• Work request: Exactly as written, copy the lines of the data below from the first through the one containing "Infos zur App".

• Dataset excerpts:
>>

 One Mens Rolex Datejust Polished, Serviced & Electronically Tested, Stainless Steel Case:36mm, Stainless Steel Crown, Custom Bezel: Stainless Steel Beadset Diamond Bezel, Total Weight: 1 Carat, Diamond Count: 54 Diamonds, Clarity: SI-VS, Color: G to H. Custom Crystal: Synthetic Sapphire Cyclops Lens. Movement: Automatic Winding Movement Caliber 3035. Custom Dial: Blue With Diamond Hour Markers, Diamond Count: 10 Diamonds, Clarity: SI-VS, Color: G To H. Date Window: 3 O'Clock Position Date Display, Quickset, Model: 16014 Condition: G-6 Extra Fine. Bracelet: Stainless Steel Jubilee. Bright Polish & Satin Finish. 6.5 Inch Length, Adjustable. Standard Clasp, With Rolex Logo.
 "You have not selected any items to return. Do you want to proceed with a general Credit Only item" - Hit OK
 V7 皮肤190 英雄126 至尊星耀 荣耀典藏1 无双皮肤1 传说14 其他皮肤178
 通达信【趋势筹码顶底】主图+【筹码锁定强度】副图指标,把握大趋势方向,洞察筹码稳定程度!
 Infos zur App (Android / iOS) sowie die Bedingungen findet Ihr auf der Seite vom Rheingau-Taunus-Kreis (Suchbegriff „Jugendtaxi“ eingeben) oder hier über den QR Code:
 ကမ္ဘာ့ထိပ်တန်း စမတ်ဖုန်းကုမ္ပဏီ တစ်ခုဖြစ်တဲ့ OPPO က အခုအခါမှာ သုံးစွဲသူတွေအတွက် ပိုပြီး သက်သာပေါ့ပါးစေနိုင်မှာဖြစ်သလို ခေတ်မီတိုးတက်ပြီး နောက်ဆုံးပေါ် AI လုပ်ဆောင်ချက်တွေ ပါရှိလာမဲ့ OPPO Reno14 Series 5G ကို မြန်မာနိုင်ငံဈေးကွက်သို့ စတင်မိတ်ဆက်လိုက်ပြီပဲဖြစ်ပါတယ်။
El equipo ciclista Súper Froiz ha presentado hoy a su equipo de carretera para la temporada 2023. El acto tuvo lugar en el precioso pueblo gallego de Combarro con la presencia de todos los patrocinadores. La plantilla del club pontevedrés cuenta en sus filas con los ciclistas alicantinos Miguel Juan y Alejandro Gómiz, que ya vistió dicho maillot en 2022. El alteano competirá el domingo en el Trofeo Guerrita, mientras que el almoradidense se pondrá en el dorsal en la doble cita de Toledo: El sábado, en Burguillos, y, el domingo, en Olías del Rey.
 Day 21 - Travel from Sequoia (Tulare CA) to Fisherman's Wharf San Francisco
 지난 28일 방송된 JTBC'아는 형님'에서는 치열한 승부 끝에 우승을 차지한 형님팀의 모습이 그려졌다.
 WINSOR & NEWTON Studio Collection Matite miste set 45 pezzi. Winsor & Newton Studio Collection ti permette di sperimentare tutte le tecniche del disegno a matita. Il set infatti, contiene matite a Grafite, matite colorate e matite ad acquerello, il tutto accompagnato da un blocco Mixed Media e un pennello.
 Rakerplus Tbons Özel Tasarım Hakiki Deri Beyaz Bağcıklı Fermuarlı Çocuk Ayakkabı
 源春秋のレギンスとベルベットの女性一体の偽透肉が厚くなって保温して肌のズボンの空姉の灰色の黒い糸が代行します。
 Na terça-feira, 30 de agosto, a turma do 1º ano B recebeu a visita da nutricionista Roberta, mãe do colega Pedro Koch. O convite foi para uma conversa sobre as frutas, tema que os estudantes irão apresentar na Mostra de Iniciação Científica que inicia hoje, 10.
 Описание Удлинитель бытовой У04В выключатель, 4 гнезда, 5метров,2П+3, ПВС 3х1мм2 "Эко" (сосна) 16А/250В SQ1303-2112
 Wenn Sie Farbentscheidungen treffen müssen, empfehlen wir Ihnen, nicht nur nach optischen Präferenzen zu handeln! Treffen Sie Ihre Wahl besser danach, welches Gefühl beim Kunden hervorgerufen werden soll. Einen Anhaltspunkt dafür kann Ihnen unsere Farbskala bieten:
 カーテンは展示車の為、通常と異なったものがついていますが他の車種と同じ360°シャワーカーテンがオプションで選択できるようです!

<<

• Response area:
 One Mens Rolex Datejust Polished, Serviced & Electronically Tested, Stainless Steel Case:36mm, Stainless Steel Crown, Custom Bezel: Stainless Steel Beadset Diamond Bezel, Total Weight: 1 Carat, Diamond Count: 54 Diamonds, Clarity: SI-VS, Color: G to H. Custom Crystal: Synthetic Sapphire Cyclops Lens. Movement: Automatic Winding Movement Caliber 3035. Custom Dial: Blue With Diamond Hour Markers, Diamond Count: 10 Diamonds, Clarity: SI-VS, Color: G To H. Date Window: 3 O'Clock Position Date Display, Quickset, Model: 16014 Condition: G-6 Extra Fine. Bracelet: Stainless Steel Jubilee. Bright Polish & Satin Finish. 6.5 Inch Length, Adjustable. Standard Clasp, With Rolex Logo.
 "You have not selected any items to return. Do you want to proceed with a general Credit Only item" - Hit OK
 V7 皮肤190 英雄126 至尊星耀 荣耀典藏1 无双皮肤1 传说14 其他皮肤178
 通达信【趋势筹码顶底】主图+【筹码锁定强度】副图指标,把握大趋势方向,洞察筹码稳定程度!
 Infos zur App (Android / iOS) sowie die Bedingungen findet Ihr auf der Seite vom Rheingau-Taunus-Kreis (Suchbegriff „Jugendtaxi“ eingeben) oder hier über den QR Code:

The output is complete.